You Seiko Monster enthusiasts are an odd bunch, all you seem want to do is modify them! Heres my humble suggestion,track down a new or mint original Orient beast (getting harder now I know ) and keep it!!!

No need to mod it cos its that good!


----------



## sparrow (Feb 7, 2009)

jezz59 said:


> You Seiko Monster enthusiasts are an odd bunch, all you seem want to do is modify them! Heres my humble suggestion,track down a new or mint original Orient beast (getting harder now I know ) and keep it!!!
> 
> No need to mod it cos its that good!


I prefer them left alone IMHO


----------



## Openended (Nov 4, 2009)

I think I'd agree and have at least one standard example and however many mods as you like


----------



## zed (Sep 17, 2009)

I bought my black monster with a view to mod with aftermarker dial and hands as well, and I too took one look at the lume and decided to keep it standard.
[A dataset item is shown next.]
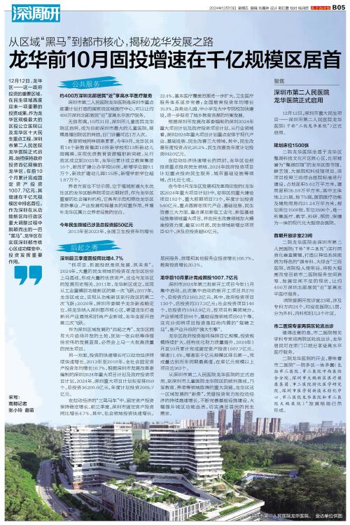 龙华前10月固投增速在千亿规模区居首

The force is just too strong :starwars:

:thumbup:


----------



## moosejam (Nov 29, 2009)

Mod it to look like an orange monster


----------



## pauluspaolo (Feb 24, 2003)

I say mod it so that it looks like anything but a Monster - I like the case/bracelet etc but hate the dial/hands :bad:


----------



## UkWatchGuy (Nov 29, 2009)

Have you got a shot of the lume for Seiko BM?


----------



## mrteatime (Oct 25, 2006)

pauluspaolo said:


> I say mod it so that it looks like anything but a Monster - I like the case/bracelet etc but hate the dial/hands :bad:


same here......the dial and hands are just wrong on the monster


----------



## Paulus (Nov 12, 2009)

I agree, dial and hands are clumsy

But then so is the case and bezel 

Basically I don't get these, or the beast, or tunas, all way too clunky for me

62mas on the other hand... 

(chance would be a fine thing, each to their own, etc.)


----------



## Mantisgb (Oct 28, 2007)

I have had both keep it standard mate dial wise at least


----------



## thunderbolt (May 19, 2007)

I had an Orange Monster and loved it as it was. I do regret selling it, but I'll probably get another in the future. The lume was superb on the standard dial and hands, lasted all night.


----------



## mrteatime (Oct 25, 2006)

the lume is stunning....but, i always thought that the hands were just plain wrong for the watch......


----------



## thunderbolt (May 19, 2007)

mrteatime said:


> the lume is stunning....but, i always thought that the hands were just plain wrong for the watch......


The sweep and minute hands were fine, but thinking on the hour hand was a little odd perhaps.


----------



## ralphy (Nov 24, 2008)

thunderbolt said:


> mrteatime said:
> 
> 
> > the lume is stunning....but, i always thought that the hands were just plain wrong for the watch......
> ...


Same here; I replaced the hour hand on one of mine (with one from Yobokies) and it was a big improvement.

There's something about the Monsters.... I keep selling mine - and they missing it so much I buy another, currently on my 4th!

R


----------